Consider the following example, the sub-group size is seven, though the maximum sub-group size is still eight! The maximum sub-group size is actually the SIMD width so it does not change, but there are less than eight work-items in the sub-group, so the sub-group size is seven. So be careful when your work-group size is not divisible by the maximum sub-group size. The last sub-group with fewer work-items may need to be specially handled.

In [None]:
%%writefile lab/sg_max_size.cpp
//==============================================================
// Copyright © Intel Corporation
//
// SPDX-License-Identifier: MIT
// =============================================================
#include <sycl/sycl.hpp>

constexpr int N = 15;

int main() {
  sycl::queue q;
  std::cout << "Device: " << q.get_device().get_info<sycl::info::device::name>()<< "\n";

  int *data = sycl::malloc_shared<int>(N + N + 2, q);

  for (int i = 0; i < N + N + 2; i++) {
    data[i] = i;
  }

  // Snippet begin
  auto e = q.submit([&](auto &h) {
    sycl::stream out(65536, 128, h);
    h.parallel_for(
        sycl::nd_range<1>(15, 15), [=](sycl::nd_item<1> it) [[intel::reqd_sub_group_size(16)]] {
          int i = it.get_global_linear_id();
          auto sg = it.get_sub_group();
          int sgSize = sg.get_local_range()[0];
          int sgMaxSize = sg.get_max_local_range()[0];
          int sId = sg.get_local_id()[0];
          int j = data[i];
          int k = data[i + sgSize];
          out << "globalId = " << i << " sgMaxSize = " << sgMaxSize
              << " sgSize = " << sgSize << " sId = " << sId << " j = " << j
              << " k = " << k << sycl::endl;
        });
  });
  q.wait();
  return 0;
}


#### Build and Run
Select the cell below and click run ▶ to compile and execute the code:

In [None]:
! ./q.sh run_sg_max_size.sh

## Vectorization and Memory Access
The Intel® graphics device has multiple EUs. Each EU is a multithreaded SIMD processor. The compiler generates SIMD instructions to pack multiple work-items in a sub-group to execute simultaneously in an EU thread. The SIMD width (thus the sub-group size), selected by the compiler is based on device characteristics and heuristics, or requested explicitly by the kernel, and can be 8, 16, or 32.

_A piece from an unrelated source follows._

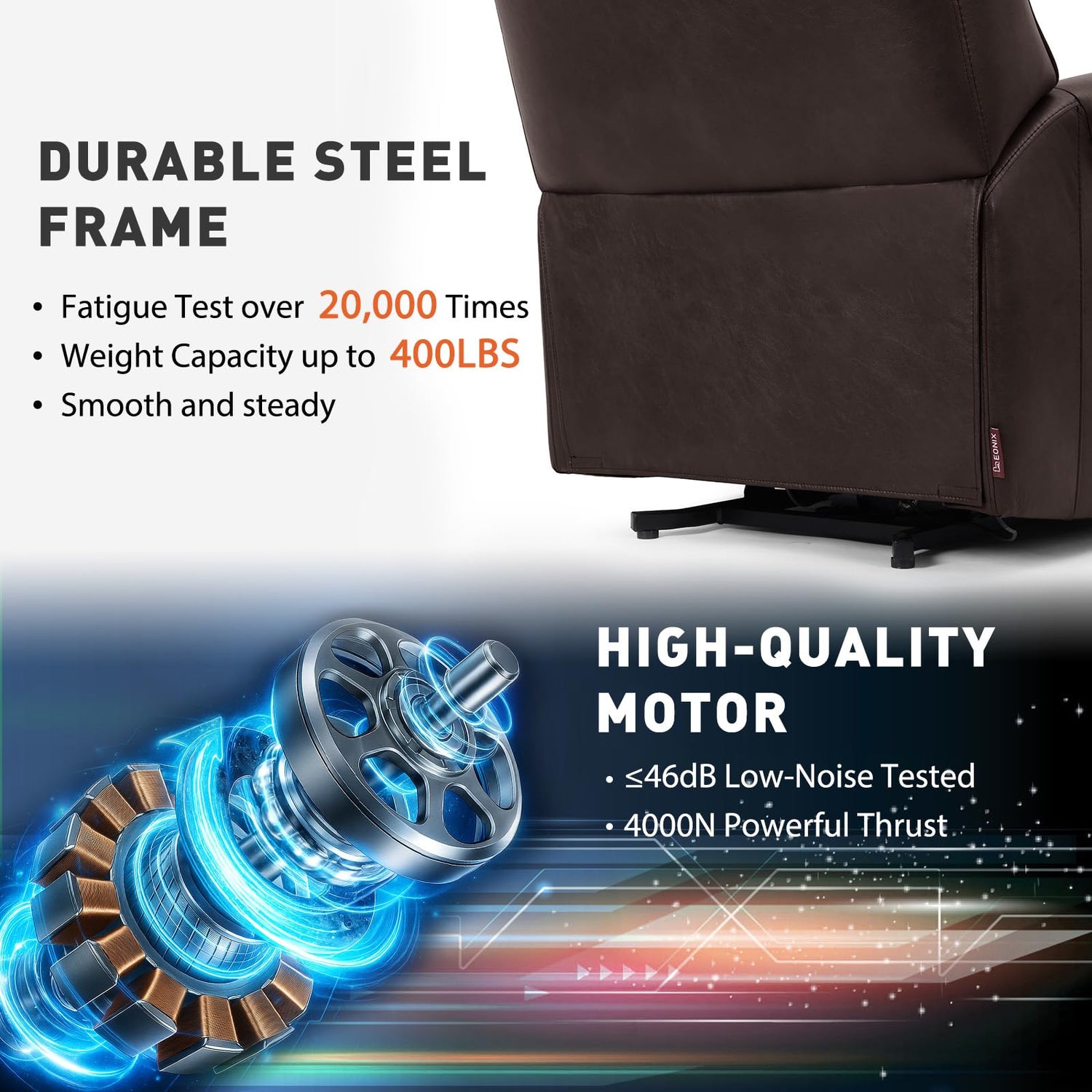 EONIX Dual Motor Lay Flat Power Recliner Chair, Mid Century Wingback Recliner with Independent Adjustable Backrest and Extended Footrest, 400lbs Heavy Duty, Breathable Faux Leather, Dark Brown

Given a SIMD width, maximizing SIMD lane utilization gives optimal instruction performance. If one or more lanes (or kernel instances or work items) diverge, the thread executes both branch paths before the paths merge later, increasing the dynamic instruction count. SIMD divergence negatively impacts performance. The compiler works to minimize divergence, but it helps to avoid divergence in the source code, if possible.
How memory is accessed in work-items affects how memory is accessed in the sub-group or how the SIMD lanes are utilized. Accessing contiguous memory in a work-item is often not optimal. 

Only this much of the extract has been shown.